Pity the poor PBM industry. Hailed in the early 1990s as the solution to manage health care costs, bought up by the drug industry for far, far too much money in the mid-1990s, and investigated on again/off again by various attorney generals ever since over their relationships with drug manufacturers. In early 2000 due to another investigation, their stock price tumbles and one of the biggest (PCS) gets bought by one of the smallest (Advance Paradigm) at a fire sale price. So ends the decade, but a funny thing has been happening. Remember that PBMs are supposed to be working on behalf of health plans and employers to get drug costs down. But overall drug costs have gone up massively all this time (as have brand prices mostly due to the new blockbusters of the 1990s.). But so have the PBMs’ profits and their stock prices.
There are four main lines of revenue for a PBM. 1) Claims processing/transactions with all the formulary stuff and presumably price discounting that goes with it 2) Switching people between different drugs based on rebates from the manufacturers, and doing other drug promotions, 3) mail-order pharmacies, and 4) a loose bunch of activities some companies call health promotion, which also includes DSM, data analysis, etc. Buried somewhere in there is the level of risk they take on from their clients, although the answer seems to be "not too much". No one will give you a straight answer about what proportion of their revenue comes from which activity, which makes Sen. Cantwell (D-WA) suspicious enough to ask them to disclose their deals in the new Medicare legislation. Until now their mail-order piece was very profitable (and supposedly is why Express Scripts’ market cap is around $5bn, Caremark’s around $6bn but AdvancePCS’ only at $4.5bn although it has far more covered lives than the other two.) Medco is being spun off by Merck next week and it also has a strong mail-order side. Now they are also under what looks like a pre-emptive strike from the pharmacists who for some reason believe that the PBMs are using their formulary management techniques to steer business to their mail-order divisions — imagine that!

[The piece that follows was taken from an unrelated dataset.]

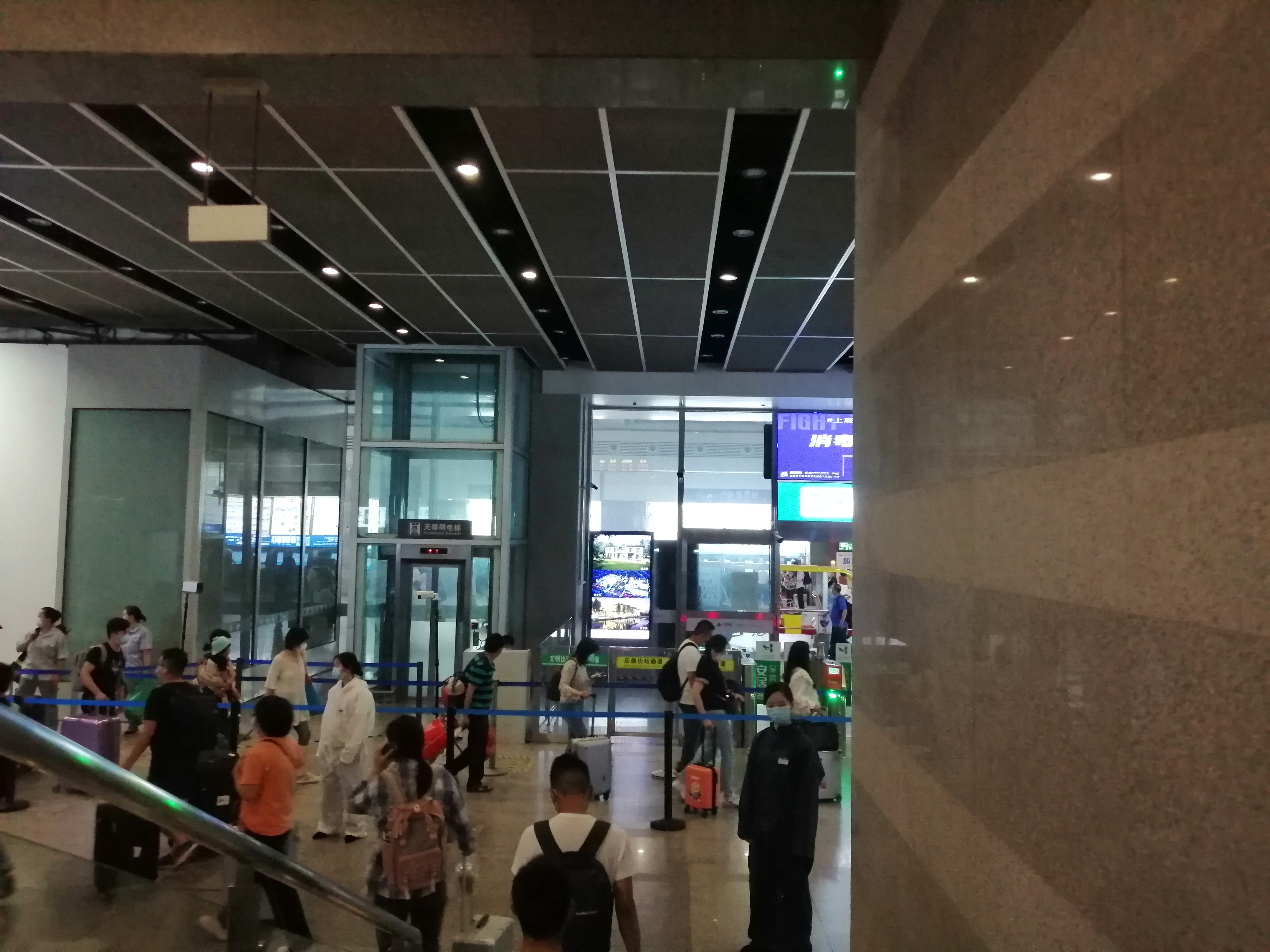 All arrival passengers check temperature and exit the station.

This presages the main question of what role PBMs will play in whatever eventually comes out of Congress on Medicare drug coverage. Are they going to get the biggest bonanza in their history (all those lovely seniors signing up)? Or are they going to lose all their abilities to make money the way they’ve do now, and be turned into government data processing agencies with PE ratios to match? With their stocks recently close to their all time highs, this is a space to be watched.